Dulce, Border Angels Outreach Coordinator, works with Morones organizing trips to the US/Mexico border as many as three times per week and sometimes on weekends. Border Angels look to reduce the number of fatalities occurring along the California border through the placement of food, water and clothing at life-saving stations in the desert for migrants who have crossed the border. Dulce speaks about how Border Angels volunteer relief groups collect the shoes they find throughout the Imperial Valley desert while looking for signs of people. “There are different clothes and fabrics we find there, and they are the ones (migrants) wear under their feet so they don’t leave foot prints behind,” Dulce said. “The Border Patrol tracks foot prints and items left behind to find migrants coming through the desert.”
Every Tuesday at 6 pm, Border Angels offers free legal services provided by immigration attorneys at the Border Angels headquarters located at the Sherman Heights Community Center Office, 2258 Island Avenue. The first Sunday of every month Border Angels facilitates free legal services provided by immigration attorneys at Friendship Park for those who have been deported and can’t cross the border.
“It doesn’t matter where you came from, what language you speak, or the color of your skin,” Dulce says. “Our goal is to have equal rights for everyone.”
Fourteen-year-old City Heights resident Carlos* came to the United States from Mexico when he was 5 years old. As a young child in Mexico, Carlos was unable to receive treatment for his degenerative lung disease.
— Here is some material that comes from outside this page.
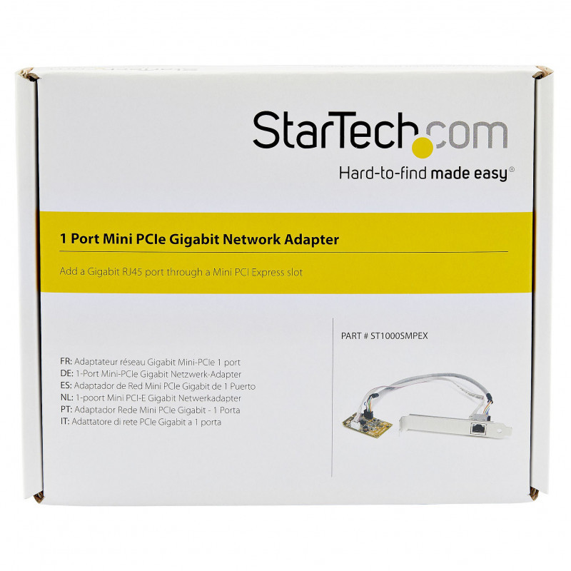 "StarTech.com Mini PCI Express Gigabit Ethernet Network Adapter NIC Card. Internal. Connectivity technology: Wired, Host interface: Mini PCI Express, Interface: Ethernet. Maximum data transfer rate: 1000 Mbit/s"\n"The ST1000SMPEX Mini PCI Express Gigabit Network Adapter Card adds 1000Mbps network connectivity to a Mini PCI Express (PCI Express Mini Card, Mini PCIe) enabled computer system, such as Mini-ITX motherboards.

Carlos’ parents decided to bring him to the United States to seek a treatment successful in reversing his disease, which in turn, resulted in saving his life.
Carlos is currently in 10th grade at Hoover High School and has two brothers and a younger sister. Two of Carlos’ siblings were born in the United States, making them U.S. citizens. This fact alone has made it increasingly difficult for Carlos’ parents to return to Mexico, given two of their children would be undocumented regardless of whether they lived in Mexico or the U.S.
Carlos is an active member of Reality Changers, but because of his undocumented status, Carlos has a difficult time accessing services and resources available to peers in his community. Carlos has found Reality Changers as a positive place to reflect on his future and increase his academic options through college readiness and leadership training.
“When my father sees our report cards, he gets happy,” Carlos said. “He knows in his heart that he made the right decision by coming here.”